Are there hidden cities within this city that have intrigued or seduced you?
This is a city of neighborhoods, each with a vibe of its own, but hidden cities exist in a way that isn’t so much geographical as temporal. You find Rome in her silences and in her echoes, and the time of day (or night) plays a decisive role in which city you experience. Take a morning stroll and you might find a small sun-drenched piazza with only an empty café standing solitary watch. Pass back by in the evening and that same square will host a constellation of revelers, their riotous voices reverberating in the night. Timing is everything in this city; it is, after all, eternal.
Where does passion live here?
In the streets of Rome: this city is nothing if not a spectacle. I’ve always admired the way public space is shared, even celebrated, forming the perfect backdrop for the interpersonal operas that play out daily amidst the alleyways or along the city’s boulevards.
What is the title of one of your works about Rome and what inspired it exactly?
I wrote a novelette called “A Roman Story,” inspired by a crime that was committed very close to my house during an unprecedented snowstorm some years ago. The details and circumstances haunted me until I finally sat down and tried to imagine what might have set the event in motion. In the end, the story became not only a noir reimagining of the incident, but a portrait of my neighborhood of Trastevere.
Inspired by Levi, “Outside Rome does an outside exist?”
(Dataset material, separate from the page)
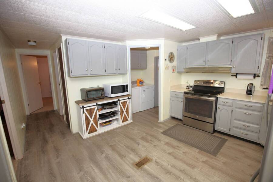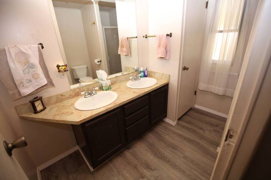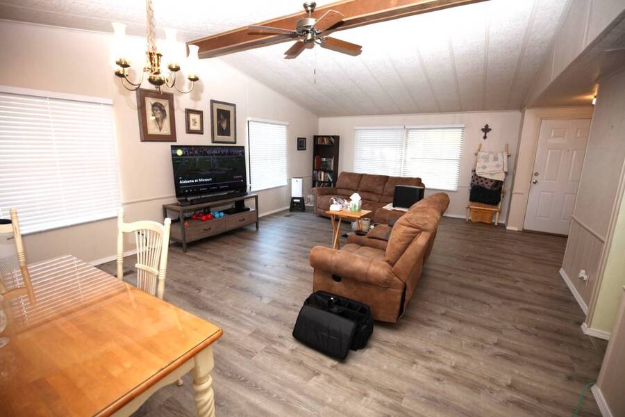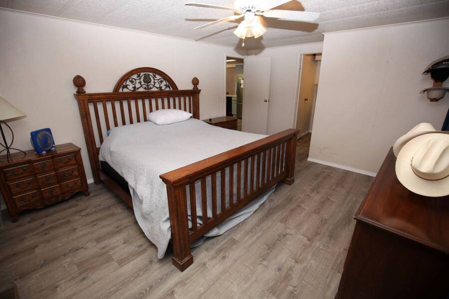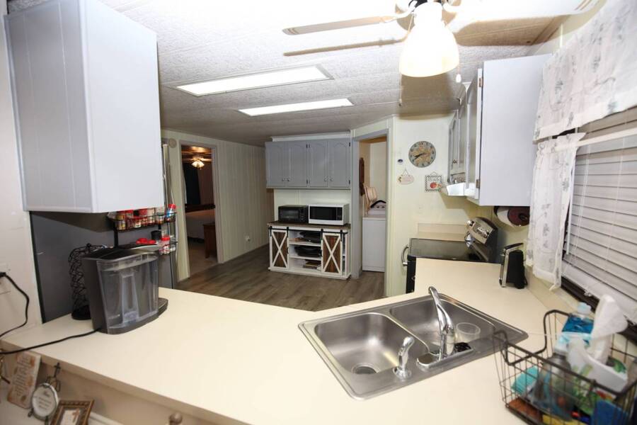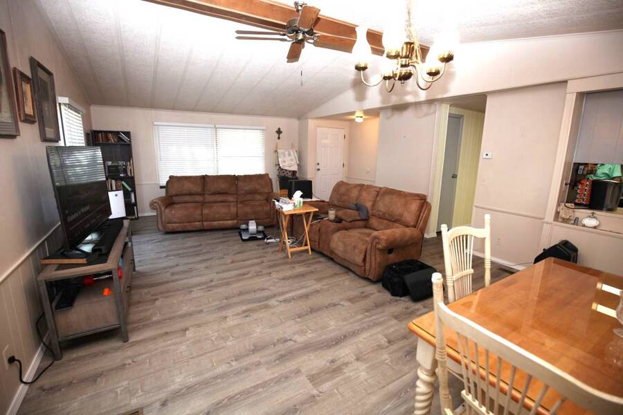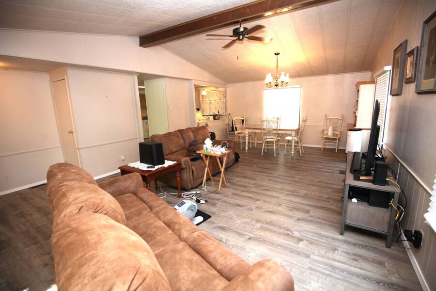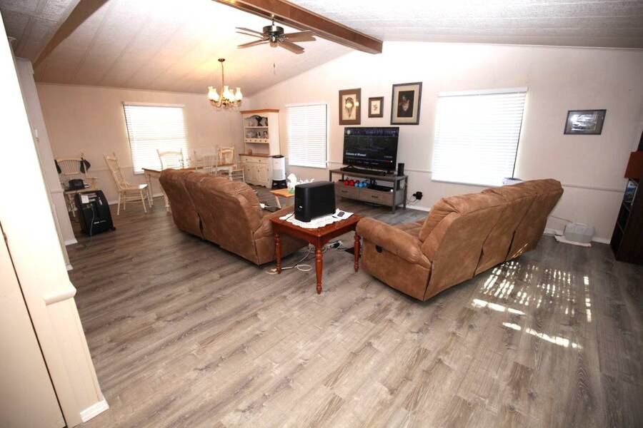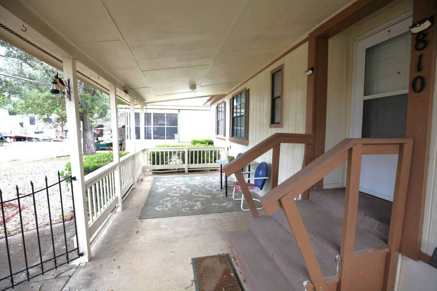 MOTIVATED SELLER, PRICE REDUCTION AND NEW ENGINEERED HARDWOOD FLOORING THROUGHOUT! Enjoy the peaceful 55 plus community in the heart of the Texas Hill Country. Close to downtown Kerrville. Well maintained double wide with two bedroom and two bath. Large front porch, one car carport, greenhouse and shed. All appliances and furniture convey with full price offer. New metal roof 2024 and a new a/c condenser 8/2025. Community amenities include indoor pool, game room, and shuffle board. Monthly lot fee $480 including water, sewer and trash. Pets welcome. Property is for sale only. Rentals are prohibited. Park management approval is required in order to occupy the home. This home was not affected by the July 4th, 2025 flood.

It certainly feels true that all roads lead to Rome and, to that end, Rome is forever a city of outsiders. In one fashion or another, it absorbs us all. But those same famous roads, built centuries ago, also lead away from Rome. Whenever I pass under the arches of the city’s famous gates or glimpse its ancient aqueducts on my way out of town, I’m struck by how quickly Rome disappears from view, yet the ghosts of those who have traveled back and forth along the same roads, whether in tragedy or triumph, feel intensly present.
Elizabeth Geoghegan was born in New York, grew up in the Midwest, and lives in Rome. She is the author of Natural Disasters, the bestselling memoir The Marco Chronicles, and the forthcoming story collection eightball. Her work has appeared in the Paris Review, The Best Travel Writing, El Pais, and elsewhere.